To a casual observer, Arin Andrews and Katie Hill may seem just like any other young couple in love.

However, the Tulsa, Oklahoma, couple have something in common - both were born as the opposite gender. They both spent the better part of their childhoods bullied for their interests and sexual preferences.

Arin Andrews was born as Emerald and participated in beauty pageants at a young age. Katie Hill went by Luke for the first 15 years of her life and was the son of a military colonel.

The couple met at a support group from transgender individuals in the area. They were instantly attracted to one another. Interestingly, they both wore the same size clothes, so they could even swap clothing from their former lives that they had hated.

Andrews, who is still in high school, takes testosterone shots to achieve the manly physique that he craves. His mother is willing to front half of the costs of the $6,000 breast removal surgery. In the meantime, Andrews binds his chest, which means that he binds his chest tightly, a common practice for female-to-male transgender individuals who have not had gender reassignment surgery.

Meanwhile, Katie believes that her estrogen levels are naturally high; she was teased in high school for her AA-cup breasts when she still went by Luke. Just four days after her graduation in May, an anonymous donor was so touched by her story that they gifted her $40,000 in order to pay for her gender reassignment surgery.

Both adolescents felt that they had been born into the wrong bodies. Hill says that she always wanted to play with dolls, and Andrews supplemented her pageant activities and ballet lessons with motocross bikes, rock climbing, and triathlons.

Hill suffered from depression, and her parents sent her to 15 different therapists to help.
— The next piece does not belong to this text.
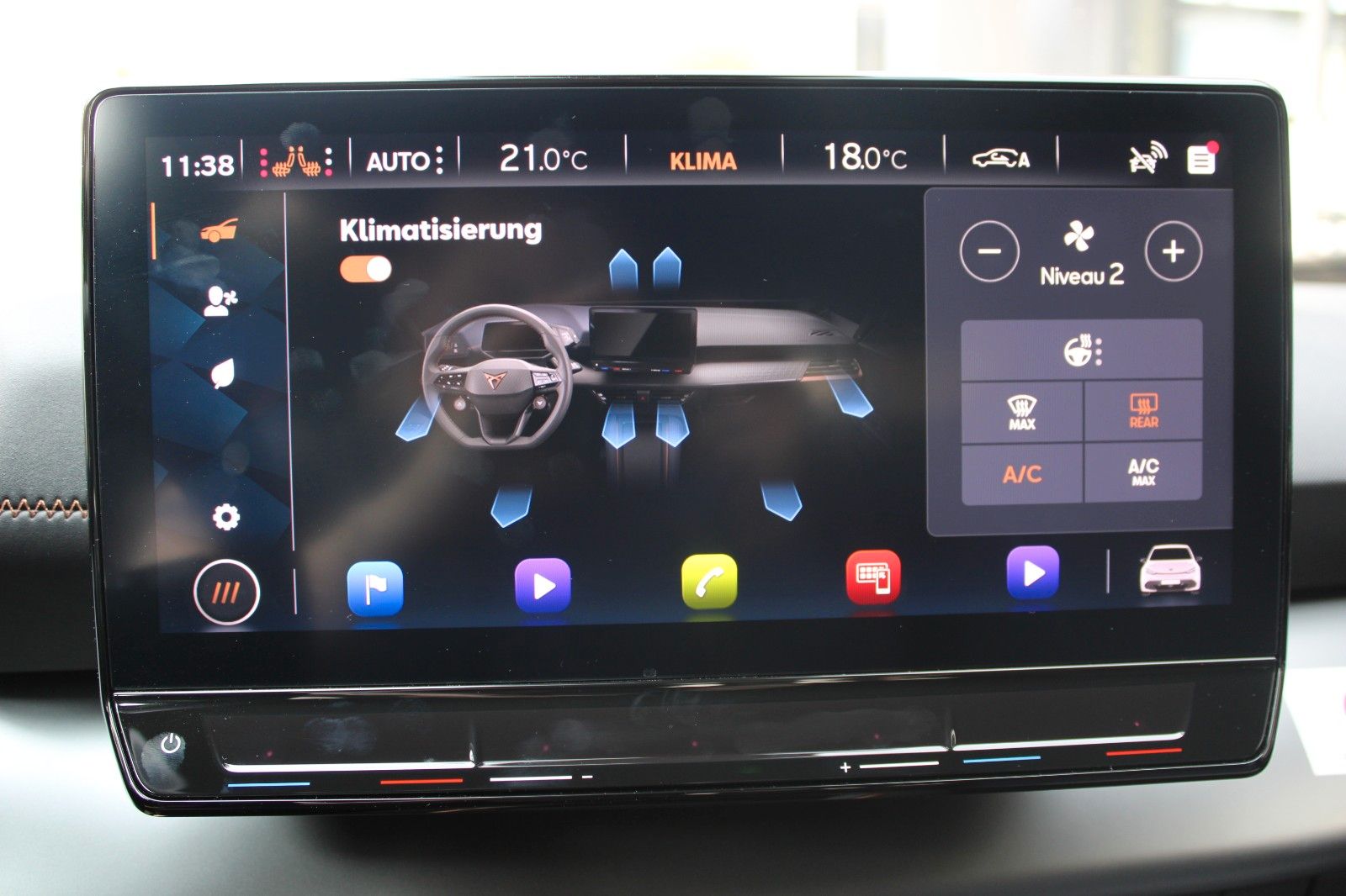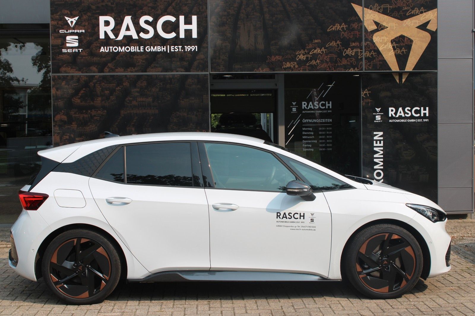 Airbag Beifahrerseite abschaltbar, Airbag Fahrer-/Beifahrerseite, Akustischer Fußgängerschutz, Außensound (e-sound / AVAS), Ambiente-Beleuchtung LED, Antriebs-Schlupfregelung (ASR), Außenspiegel elektr. verstell-, heiz- und anklappbar mit Spiegelabsenkung und Welcome Light, Blinkleuchten LED in Außenspiegel integriert, Bluetooth-Schnittstelle mit Freisprecheinrichtung integriert, Dachhimmel schwarz, Einparkhilfe vorn und hinten, Elektromotor 170 kW (cont. 70 kW), Fahrassistenz-System: Fahrprofilauswahl (CUPRA Drive Profile), Fensterheber elektrisch vorn + hinten mit Komfortschaltung, Fußraumbeleuchtung LED, Heckleuchten Voll-LED mit Lichtband (Infinite Light), Heckspoiler Wagenfarbe (Dachspoiler), HV-Batterie 82 kWh, Innenspiegel mit Abblendautomatik, Isofix-Aufnahmen für Kindersitz an Beifahrersitz und Rücksitz (inkl. i-Size-Kindersitze), Karosserie: 5-türig, Klimaanlage Climatronic 2-Zonen, Kombiinstrument digital (virtual cockpit), Kopf-Airbag-System, Ladekabel mit Typ 2-Stecker (Mode 3), Notrufsystem, Parkbremse elektrisch, Pedale Aluminium-Design, Rücksitzlehne geteilt/klappbar (1/3-2/3), Schnellladevorrichtung (CCS-Ladedose), Seitenairbag, Seitenairbag vorn mitte (Central Airbag), Sitz vorn links höhenverstellbar, Sonnenblende links mit Spiegel (beleuchtet), Sonnenblende rechts mit Spiegel (beleuchtet), Sport-Schalensitze vorn mit integrierten Kopfstützen, USB-Ladeanschlüsse (2-fach, Typ C) für 2.Sitzreihe, Warnanlage für Sicherheitsgurt-System, Wärmeschutzverglasung

She finally discovered the root of her depression after discovering the definition of 'transgender' on the Internet.

Andrews also had severe depression as a result of his gender identity, for which his parents sent him to therapy. As a child, he did not even know what transgender meant. His sexuality eventually meant that Andrews was expelled from his religious high school, due to a relationship that he had with a girl.

Andrews learned what transgender meant when he read about Hill's story in a local newspaper.

Both Andrews' and Hill's families are rather supportive of their struggles. Even still, they say, "Our parents didn't know how to help because none of us knew being trans was possible. Nobody should have to go through what we did."